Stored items
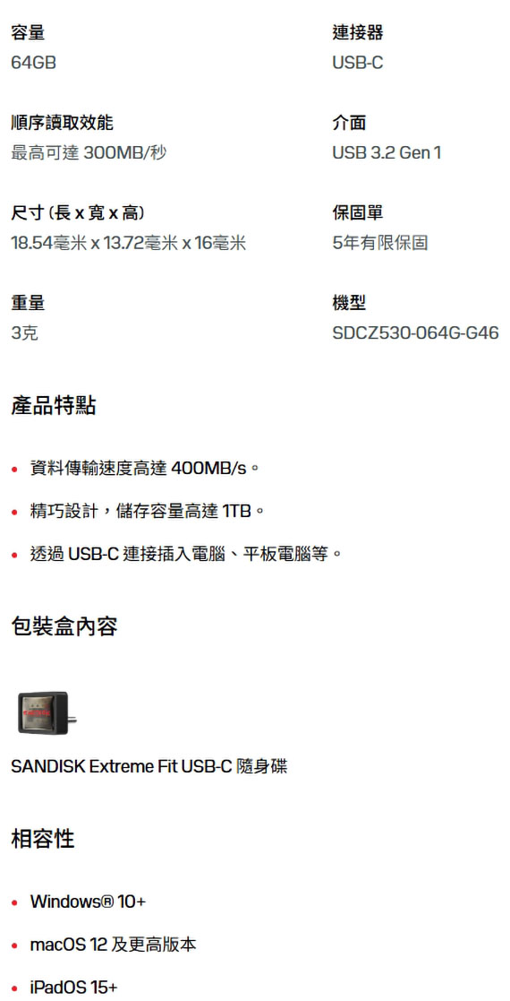 USB-C連接,USB 3.2 Gen 1介面,讀取高達300MB/秒,尺寸(長*寬*高)18.54*13.72*16mm,3克重,從未有過的輕巧體驗,SANDISK應用程式,5年有限保固,SDCZ530-064G-G46
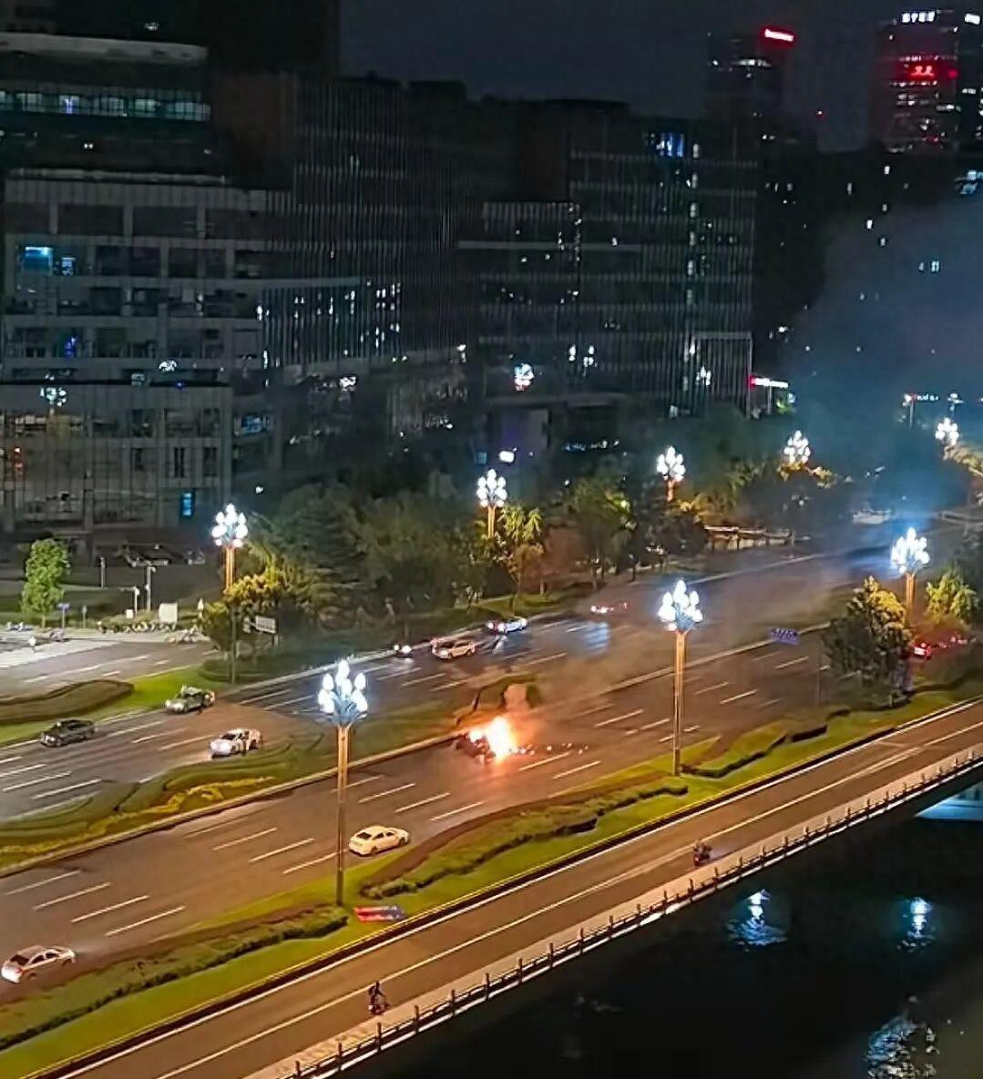 隨後車輛超速失控,先與綠化帶發生碰撞,隨後翻滾至對向車道並起火。一名車主的行車記錄儀顯示,車輛碰撞前從右側飛速駛過,碰撞後迅速燃起大火。
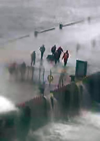 风暴中的抢险现场。这是当时七六○所参与抢险的同志用手机拍摄的现场录像截屏。这一真实场面后来被称为“台风中最英勇的逆行”。七六○所供图
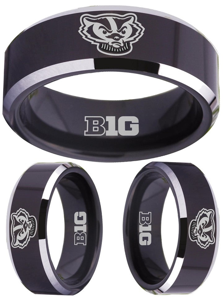 Wisconsin Badgers Ring Black Ring Tungsten NCAA #badgers
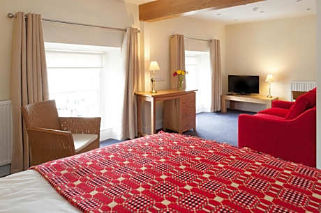 Nestled in the Cambrian Mountains in the heart of Tregaron, Y Talbot is a welcoming and award-winning hotel, restaurant and pub full of Welsh charm, roaring fires and some of the best food in the region. Head Chef Dafydd Watkin has cooked with Marco Pierre White and now cooks the food he wants to eat – comforting, confident, and dangerously moreish. His cheesecake? Local legend. We’re proud to be fully accessible, with step-free entrances, a ground-floor accessible bedroom, and thoughtful touches throughout. Families are welcome, dogs are fussed over, and muddy boots are part of the dress code. Our smooth tarmac car park, secure bike storage and drying room make us an ideal stop for motorcyclists and cyclists, while walkers and anglers love the peaceful location, local trails and full Welsh breakfast that follows. Whether you’re here for a quiet break, an outdoor adventure or simply want a good meal with a warm welcome, we promise you’ll leave with a full belly and a smile. Our staff know your name (and your dog’s), and our bar is often the start of stories you’ll retell for years. Real Wales, real food, real hospitality.
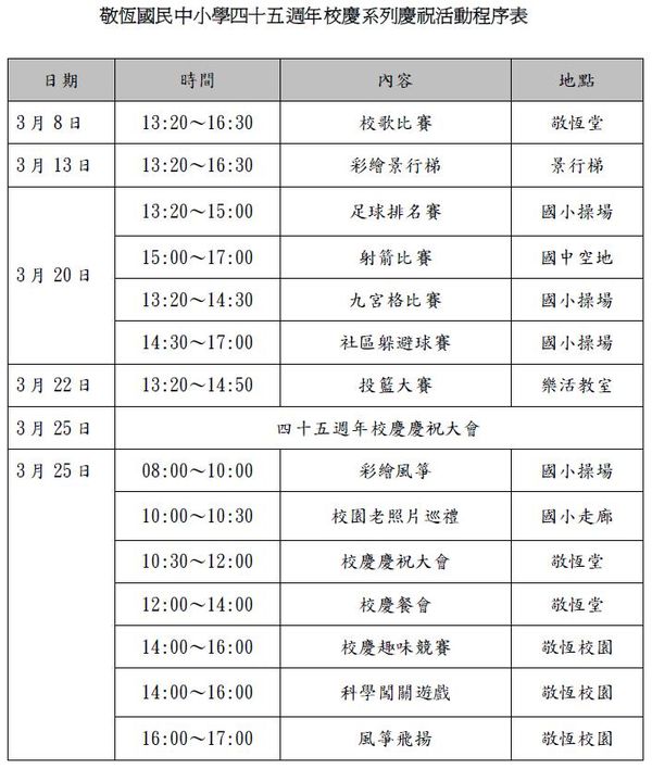 敬恆國民中小學四十五週年校慶系列慶祝活動程序表
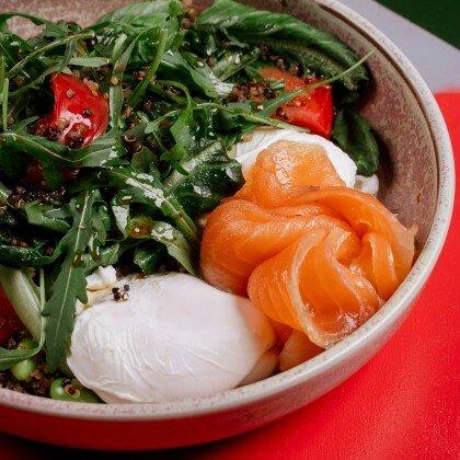 На кокосовом молоке. Сервируется свежим шпинатом, авокадо и помидорами черри
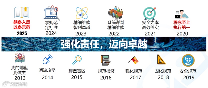 核安全文化必须融入管理体系,不能仅依赖个人自觉。部门通过建立全员核安全责任清单、完善标准化流程、运用数字化工具等方式,推动核安全要求扎实落地。自2013年起,维修四处围绕管理提升,每年选定主题系统推进,覆盖技能、文件、行为、流程等多方面,以体系化、常态化的运作机制,保障核安全主体责任层层落实、持续巩固。

*What to work on*
Please give back an exact copy of the entries above from their first line through the line containing "Wisconsin Badgers Ring", leaving the pictures aside.

*Result for this task*
 USB-C連接,USB 3.2 Gen 1介面,讀取高達300MB/秒,尺寸(長*寬*高)18.54*13.72*16mm,3克重,從未有過的輕巧體驗,SANDISK應用程式,5年有限保固,SDCZ530-064G-G46
 隨後車輛超速失控,先與綠化帶發生碰撞,隨後翻滾至對向車道並起火。一名車主的行車記錄儀顯示,車輛碰撞前從右側飛速駛過,碰撞後迅速燃起大火。
 风暴中的抢险现场。这是当时七六○所参与抢险的同志用手机拍摄的现场录像截屏。这一真实场面后来被称为“台风中最英勇的逆行”。七六○所供图
 Wisconsin Badgers Ring Black Ring Tungsten NCAA #badgers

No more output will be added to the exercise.